EUR-Lex Access to European Union law
This document is an excerpt from the EUR-Lex website
Document 52013AE6354
Opinion of the European Economic and Social Committee on the ‘Proposal for a regulation of the European Parliament and of the Council on the prevention and management of the introduction and spread of invasive alien species’ COM(2013) 620 final — 2013/0307 (COD)

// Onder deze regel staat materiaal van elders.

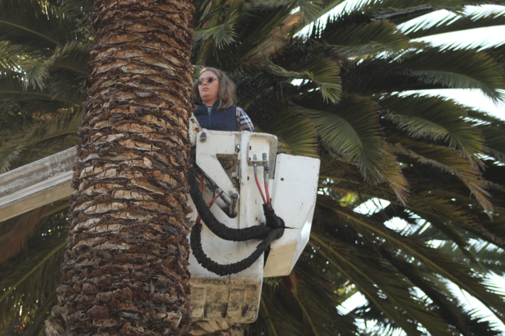 La investigadora indicó que al aplicar el químico amigable con el medio ambiente en la palmera, “que ya se ve más par allá que para acá”, se pretende rescatarla.
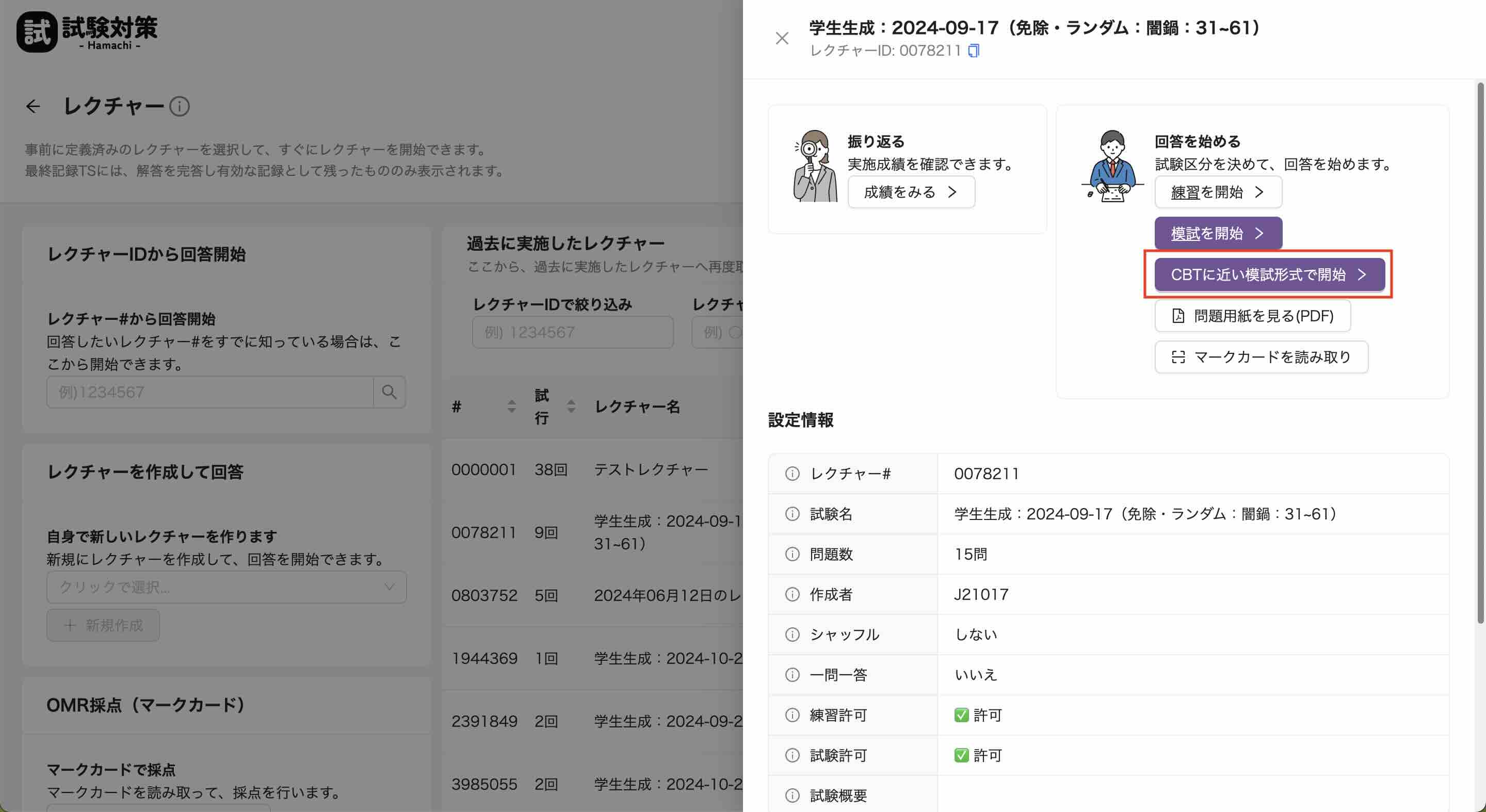 CBT形式で受験できるのは、あらかじめ工程が決まっている問題集のみです。

Advies van het Europees Economisch en Sociaal Comité over het voorstel voor een verordening van het Europees Parlement en de Raad betreffende preventie en beheer van de introductie en verspreiding van invasieve uitheemse soorten (COM(2013) 620 final — 2013/0307 (COD))
Advies van het Europees Economisch en Sociaal Comité over het voorstel voor een verordening van het Europees Parlement en de Raad betreffende preventie en beheer van de introductie en verspreiding van invasieve uitheemse soorten (COM(2013) 620 final — 2013/0307 (COD))
OJ C 177, 11.6.2014, p. 84–87
(BG, ES, CS, DA, DE, ET, EL, EN, FR, HR, IT, LV, LT, HU, MT, NL, PL, PT, RO, SK, SL, FI, SV)
11.6.2014 |
NL |
Publicatieblad van de Europese Unie |
C 177/84 |
Advies van het Europees Economisch en Sociaal Comité over het voorstel voor een verordening van het Europees Parlement en de Raad betreffende preventie en beheer van de introductie en verspreiding van invasieve uitheemse soorten
(COM(2013) 620 final — 2013/0307 (COD))
(2014/C 177/15)
Rapporteur: Georges CINGAL
Het Europees Parlement en de Raad hebben op resp. 12 en 20 september 2013 besloten het Europees Economisch en Sociaal Comité overeenkomstig de artikelen 192, lid 1, en 304 van het Verdrag betreffende de werking van de Europese Unie te raadplegen over het
voorstel voor een verordening van het Europees Parlement en de Raad betreffende preventie en beheer van de introductie en verspreiding van invasieve uitheemse soorten
(COM(2013) 620 final — 2013/0307 (COD)).
De afdeling Landbouw, Plattelandsontwikkeling en Milieu, die met de voorbereidende werkzaamheden was belast, heeft haar advies op 7 januari 2014 goedgekeurd.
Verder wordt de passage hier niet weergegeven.